Tagged as: Breaking up, Health<< Previous question   Next question >>
Question - (11 October 2010) 1 Answers - (Newest, 11 October 2010)
A female United Kingdom age 30-35, *oveMeAlways1390 writes:

I have been with my boyfriend now for a year and a half and I love him with all my heart. In the summer we were supposed to be going away on holiday together and he split up with me a week before we were due to fly, I was totally heartbroken and he just told me he was confused about the way he felt and that it was unfair of him to be with me if I loved and cared for him more than he did for me. I knew at the time he wasn't totally sure (as he didn't have totally definite reason as to why he was doing it) and it was so out of the blue, I never expected it in the slightest.

We're now back together after a very emotional and heartfelt meeting where he basically told me that he had the biggest mistake of his life and that he would spend the rest of our lives together proving how much he wants me. I am so happy that we're back together but when we split up I started suffering with depression and now I find that it's getting worse. I want to be with him and I want everything to work for us more than ever but I am so hurt by what he had done to me I feel like I can't fully relax or trust him as I am so scared he will do it to me all over again.

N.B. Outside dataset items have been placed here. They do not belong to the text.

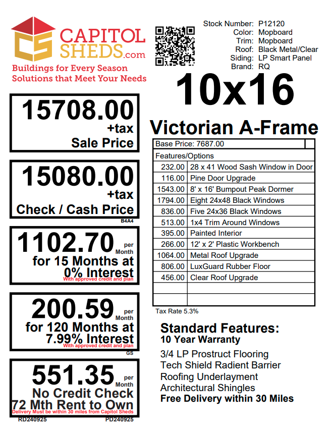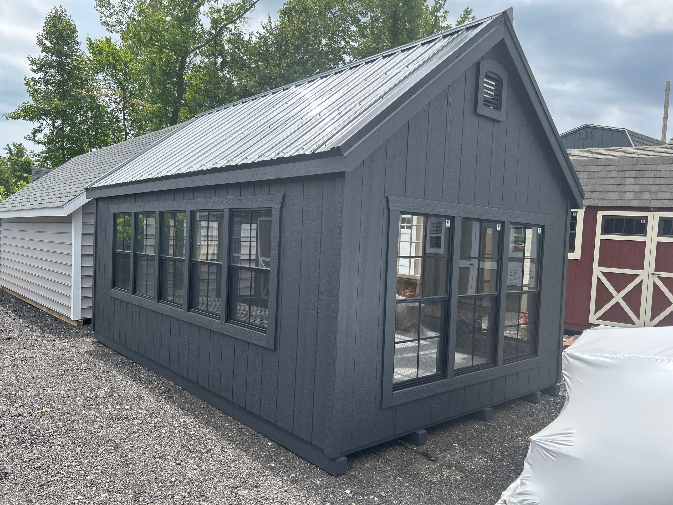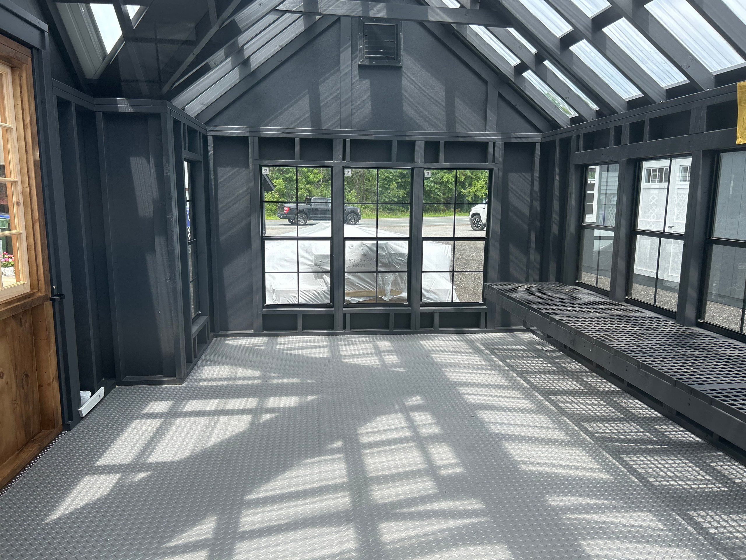 Step into a world of horticultural elegance with our Victorian Greenhouse. Exquisitely crafted by Amish artisans, this 10×16 haven is a testament to both form and function. Its LP Smart Panel siding, painted in the dignified hue of Mopboard, exudes timeless charm, while the Clear Metal Roof not only adds durability but also allows abundant natural light to flood the interior. With 13 windows strategically placed around its walls and a wood sash door welcoming you in, this greenhouse is a sanctuary for your plants to thrive. But it’s not just about its beauty; practicality is at its core. The LP Prostruct Flooring, supported by pressure-treated 2×4 joists, ensures stability and longevity, while included upgrades like the Bumpout Peak Dormer, black windows, and LuxGuard Rubber Floor elevate its functionality and aesthetic appeal. Transform your gardening experience with our Victorian Greenhouse and cultivate a space where beauty and growth intertwine effortlessly.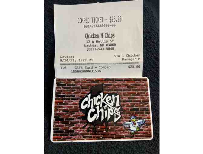 $25.00 Gift Card for Chicken N Chips located in Downtown Nashua, NH. A local favorite, it's all about the chicken! Crispy outside, jucy inside and bursting with flavor!
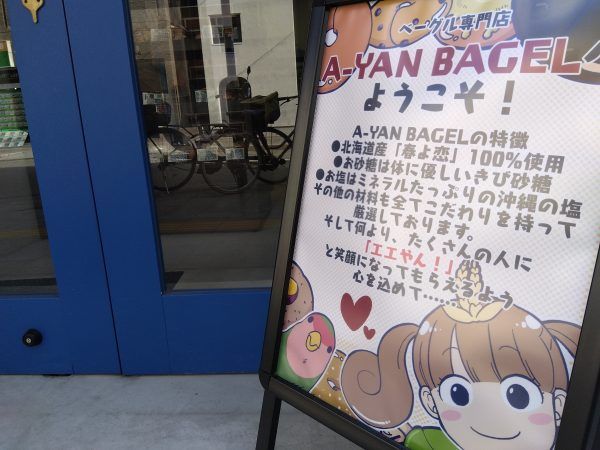 店名の「A-YAN BAGEL(エーヤンベーグル)」は、たくさんの人に「エエやん!」と笑顔で言ってもらえるようにと命名したそう。エエやん!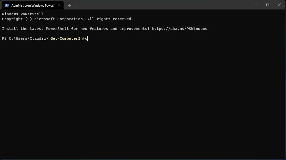 Введите следующую команду Get-ComputerInfo и нажмите Enter, чтобы запустить ее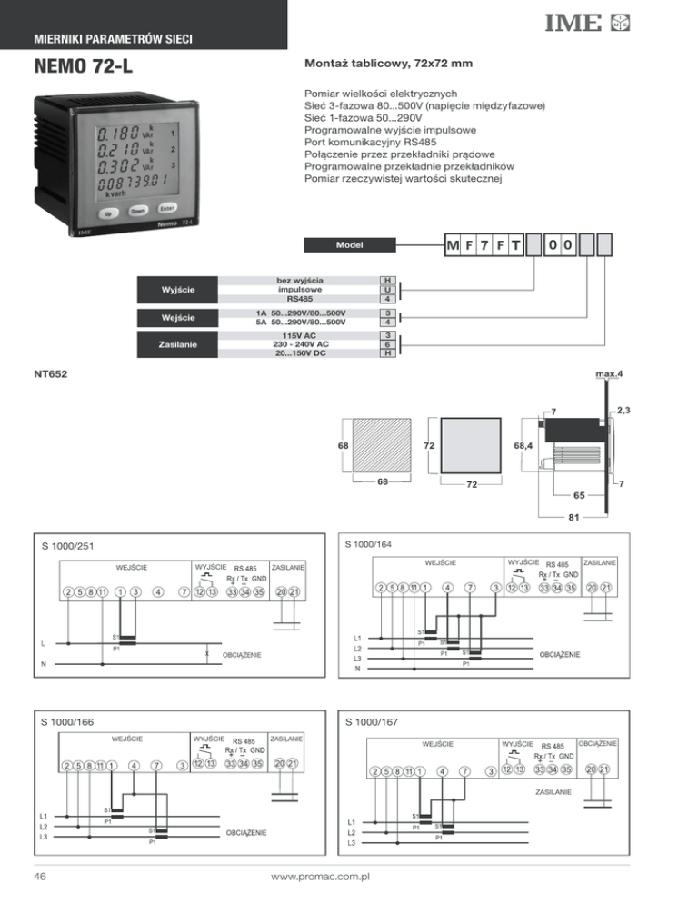 karta katalogowa miernika Nemo 72-L - Pro-Mac
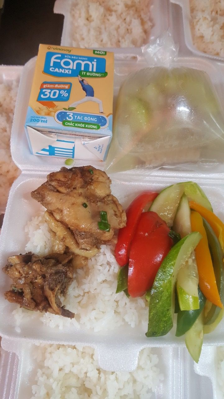 Bếp nhà yêu thương của Lathuvang hôm nay: 32 suất với thực đơn Gà kho cary sả. Bắp cải cà rốt xào tỏi. 1 hộp sữa đậu nành Fami.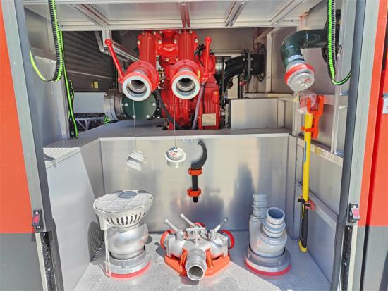 High-Performance Fire Pump– Nagtatampok ng CB10/80 fire pump na may 4,800 L/min na output sa 10 bar, na tinitiyak ang malakas at maaasahang tubig/foam discharge. Opsyonal na maging Darley at HALE brand fire pump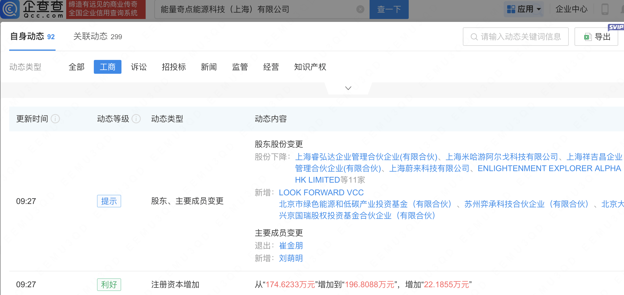 企查查APP显示,近日,能量奇点能源科技(上海)有限公司发生工商变更,新增北京市政府投资引导基金(有限合伙)旗下北京市绿色能源和低碳产业投资基金(有限合伙)等为股东,同时注册资本增至196.81万元。企查查信息显示,该公司成立于2021年,经营范围包含:电力行业高效节能技术研发;余热发电关键技术研发;能量回收系统研发等。据其官网,能量奇点致力于推动聚变能源商业化发展,加速实现能源自由。
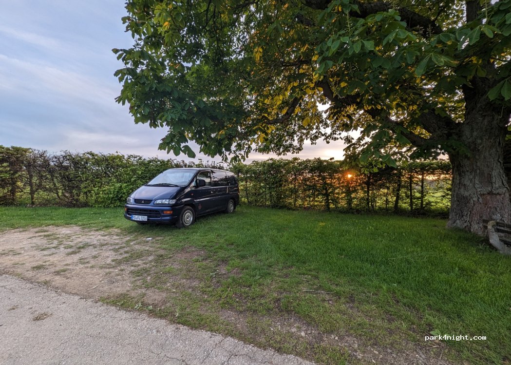 Small spot next to a small chapel. Great for one night. But please leave it tidy. The road is right next to it so you can definitely hear cars. View of the Nürburg.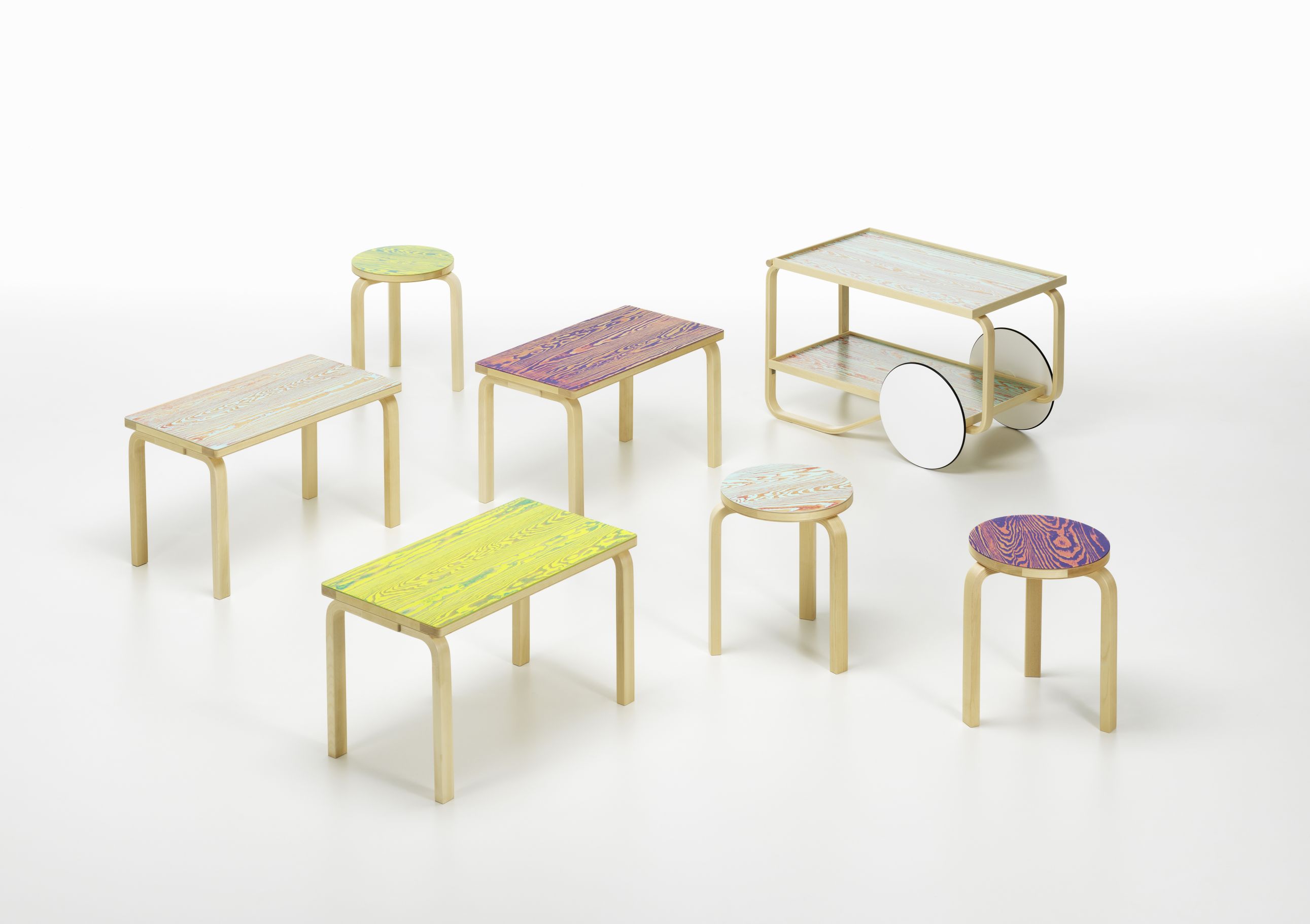 Jo Nagasaka的新穎傳統手工藝以其新穎和現代的表現而聞名。因此,總部位于東京的建筑師和設計師是Artek的FIN / JPN友誼收藏的自然伴侶。長坂(Nagasaka)著手將他在表面處理方面的研究應用到Artek最受歡迎的經典作品中。 Nagasaka嘗試了Udukuri和Tsugaru-nuri的古老做法,將它們合并到自己的原始流程中,從而產生了他所說的ColoRing。對于ColoRing,軟木松木用作表面貼面。長坂通過用硬毛刷去除較軟的部分,從而突出木材的天然紋理(Udukuri),從而使木材表面不平坦。然后添加兩層有色漆,隨后將其打磨以部分暴露下面的層(Tsugaru-nuri)。結果是令人驚訝的顏色組合和不規則的圖案,讓人聯想起地形圖。保留部分可見的木制結構,保留自然美景,同時創造出迷人的并列感。為了生產ColoRing系列,Artek將這些傳統上完全手工的技術轉化為半工業工藝,從而使該系列能夠帶給更多的聽眾。使用ColoRing技術處理過的Stool 60,Bench 153B和Tea Trolley 901在芬蘭制造,在世界范圍內都有銷售。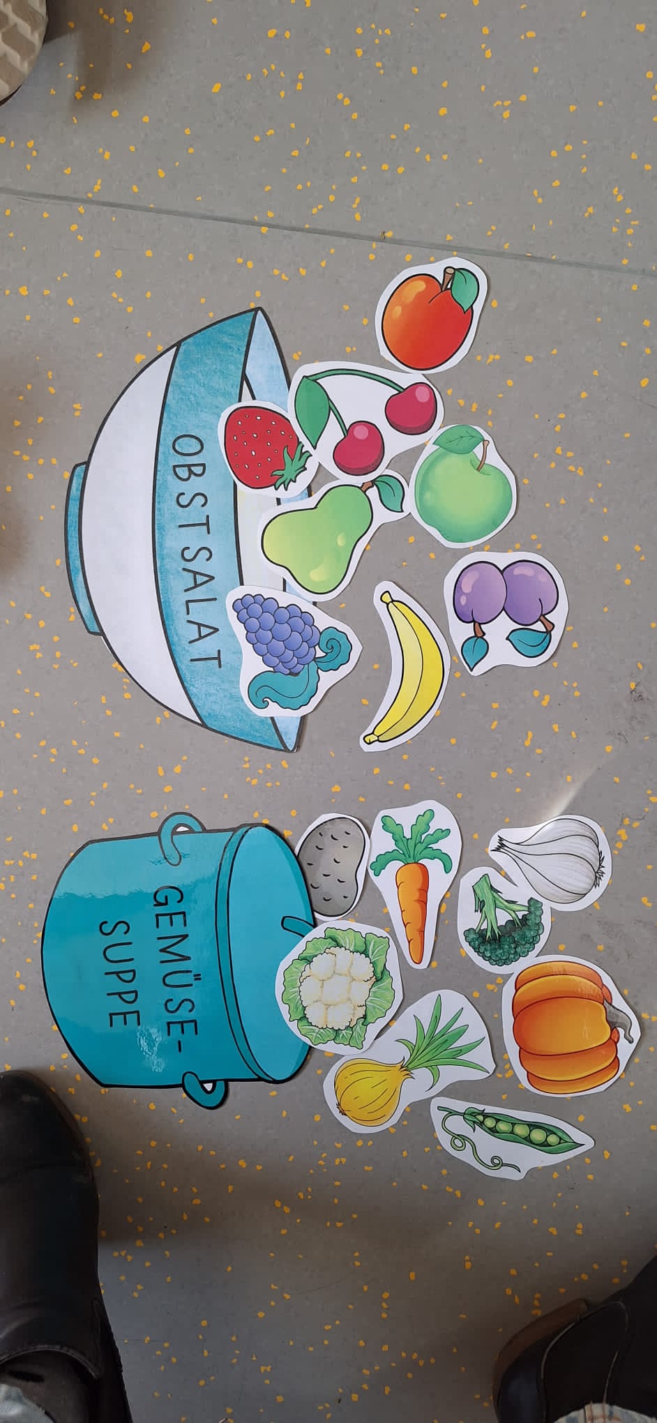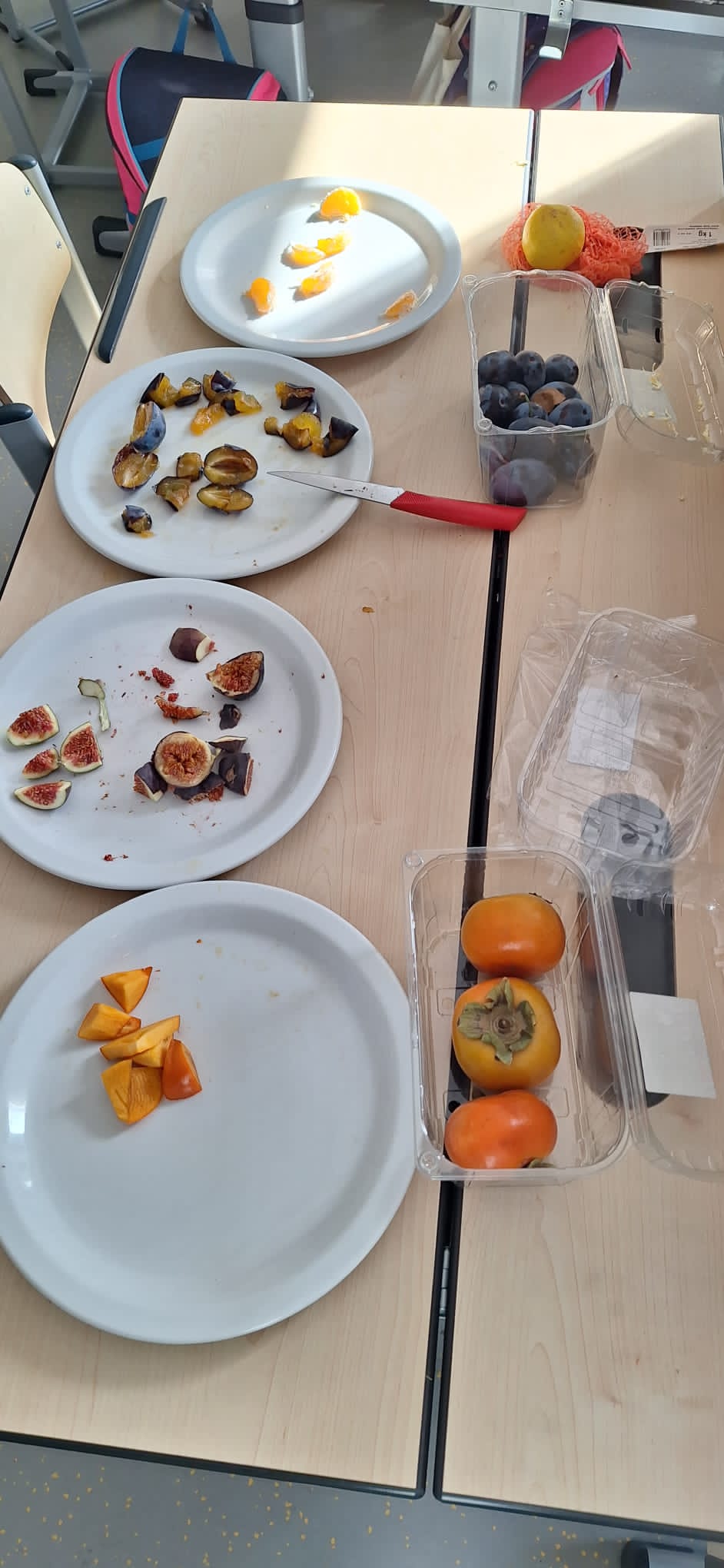 Wir haben uns diese Woche mit Obst und Gemüse beschäftigt. Hierfür haben wir mit Bildern eine Gemüsesuppe und einen Obstsalat gelegt, verschiede Früchte verkostet (Mandarinen, Feigen, Zwetschken, Kaki), in Deutsch und Mathematik Aufgaben passend zum Thema bearbeitet (Leseaufgaben, Hunderterfeld, Kreuzworträtsel) und zum Abschluss einen Rechenspaziergang durch den Klassenraum gemacht.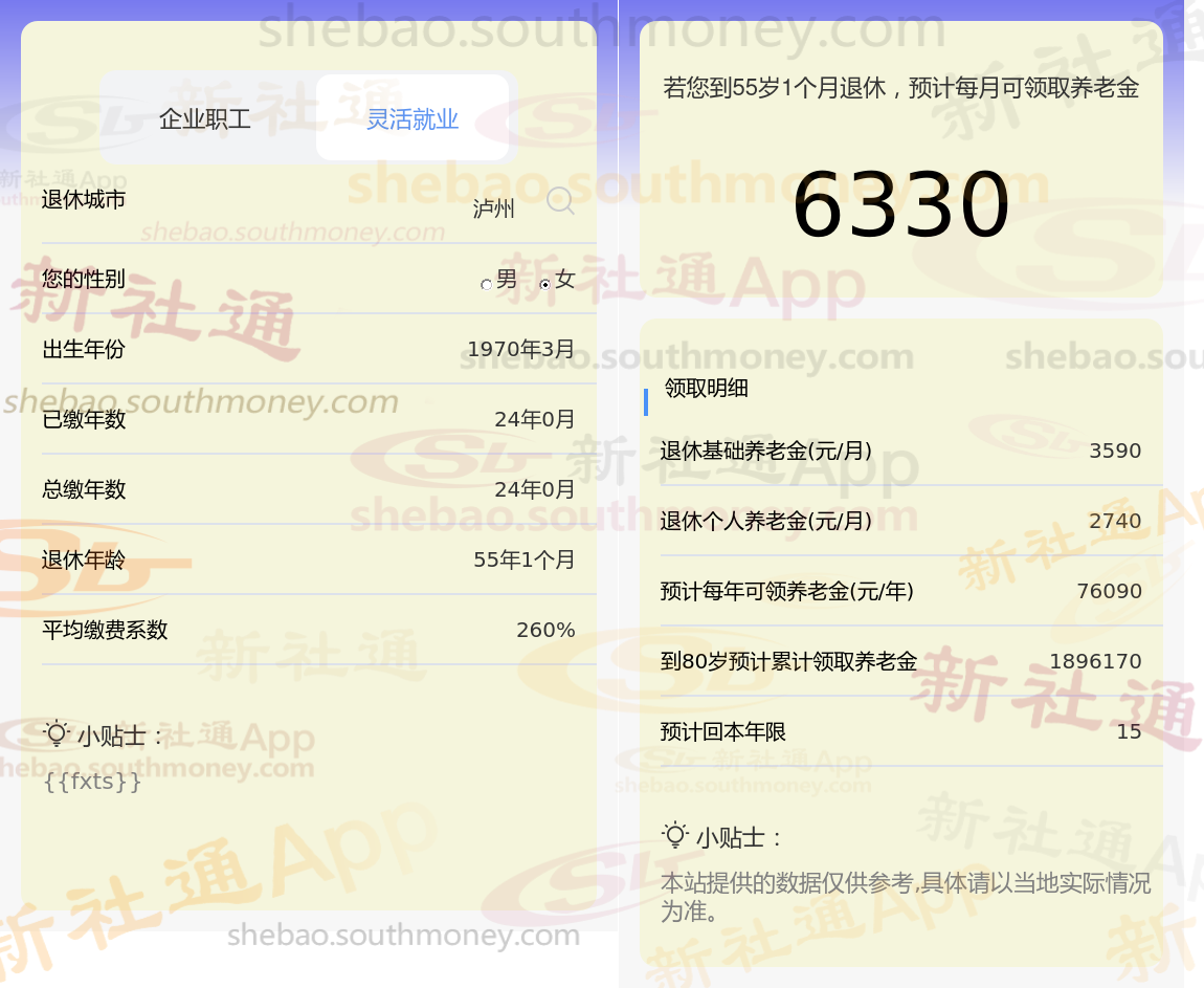 通过上面公式和新社APP根据新社通app-社保缴费查询工具提供的最新数据一起来了解下,四川泸州退休养老金怎么算?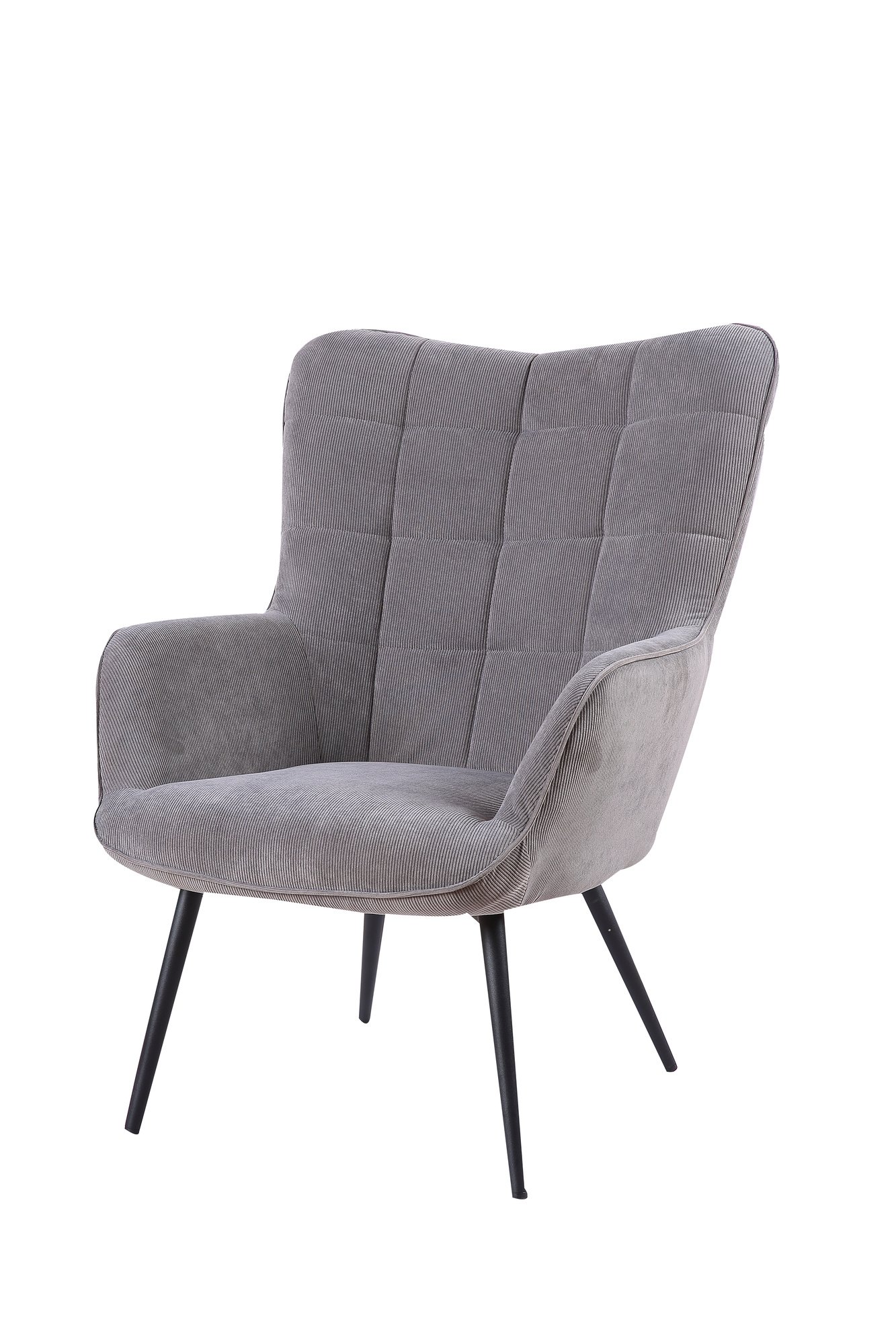Der hochwertige Cordstoff in Grau verleiht dem Sessel einen trendigen Look und lässt sich vielseitig kombinieren.

The first few weeks after we had got back together he treated me like I was a princess and literally worshipped the ground I walked on but now it already feels like he can't really be bothered. I told him when we got back together that he should be grateful I got back with him after all the pain he caused me and I definitely did not give him an easy ride for a while but now I feel like he doesn't appreciate me and all the pain he has put me through. I'm waiting to talk to someone about my depression, he has been very understanding about it but I feel like I can't get better or that our relationship can go back to being 'perfect' until I've had some help.

I'm so scared of losing him, I've been heartbroken once before and I can't let it happen all over again. Is it reasonable to be feeling this way? Can people understand why I'm so down? One thing that is really affecting me is my insecurities and I just don't feel as though I am good enough for him. Please give me some nice responses as I am so down, I really couldn't handle anything too harsh!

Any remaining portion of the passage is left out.